A second major type of error was failure to price the drug at the lowest available price. In all, about $4 million, or about 2 percent of total payment, was due to incorrect pricing.
Parsons reserves his greatest concern for the third type of error--paying for brand-name drugs rather than less expensive generic substitutes. Paying for brand names added $11 million, or 6 percent of total payments.
Parsons found that the ratio of brand to generic purchases was significantly higher for the more powerful pain medications, such as Oxycontin, with street value as an illicit narcotic. The higher rate, Parsons reasons, may be a signal that claimants may be illicitly reselling (or "diverting") brand-name painkillers.
For all cases with both brand and generic alternatives, 8.6 percent of generic opportunities were missed, according to Parsons. For pain medications, 12 percent of generic opportunities were missed. For the federal Drug Enforcement Administration's "schedule II" pain drugs--those with highest known abuse--more than 20 percent were brand instead of generic.
Examples of numerous questionable cases include:
* $12,000 for annual Oxycontin use for a 1990 workers' compensation claim of neurotic depression.
* $13,000 for annual Oxycontin use for a 1986 claim of carpal tunnel syndrome.
Some $400,000 was reportedly spent on Percocet, a powerful pain medicine, when the generic substitute would have cost $40,000.
Parsons estimates that about 10 percent of prescriptions, accounting for about 20 percent of drug costs, were for "hard narcotics" such as Oxycontin. Other pain drugs accounted for another 10 percent of drug costs. Thus, 30 percent of drug costs were pain related. Parsons observes that "the people paying these bills, mostly for long-term treatment, really ought to have a chronic pain strategy that does not depend so much on painkillers, especially narcotics."
Indeed it appears that the biggest payoff from pharmacy management--improved treatment for chronic pain--is yet to be realized.
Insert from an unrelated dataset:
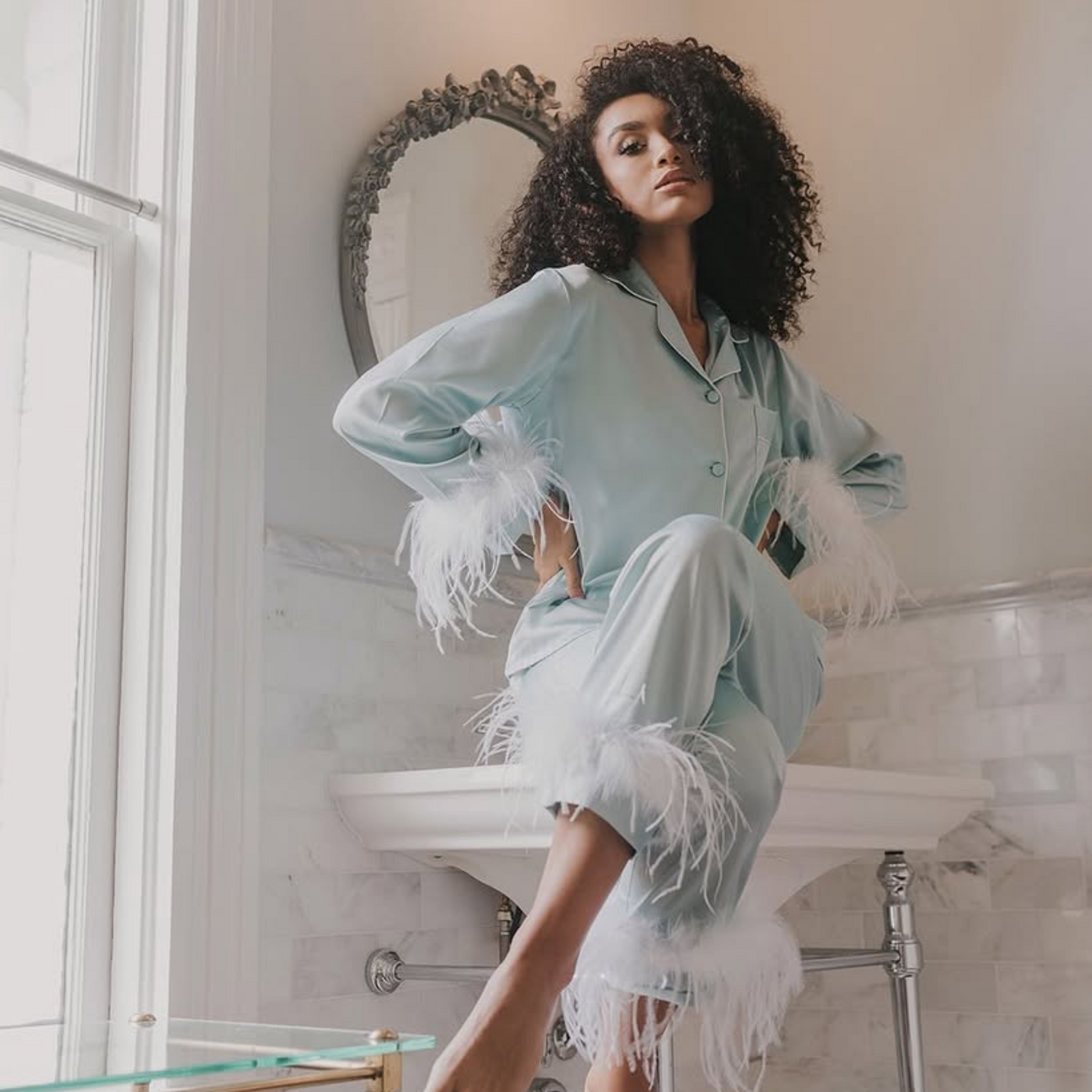Handmade to perfection and designed with you in mind. The iconic ostrich feather trimmed pajamas feature a 4-button closure and single patch pocket. An elastic band on the pants and relaxed silhouette make these perfect for evening wear and daytime lounging.

In early 2005, NCCI and the Ohio team reported independently high concentrations of use of Oxycontin and similar high potency drugs among long-lasting claims. The American College of Occupational and Environmental Medicine views pain medications as impeding recovery of function.
The Ohio team's findings, especially in context with reports from NCCI, imply that pharmacy management in workers' compensation is at an immature stage, and faces unique challenges compared with health plans. The claimant's experience at the pharmacy is more difficult to manage, for "first fill" and subsequent visits. Powerful pain medications impose problems far greater than high medication costs: They pose a problem with treatment efficacy, including the frequent lack of treatment alternatives where drug use is considered excessively prescribed.
The year 2005 is proving to be a turning point in pharmacy management. By now, most insurers and third party administrators have retained PBMs. But drug costs continue to rise by double digits, with no end in sight.
This may be the year in which a uniquely workers' compensation-based model of pharmacy management, distinct from health plan practices, emerges, with innovation being driven more by claims executives than by PBMs.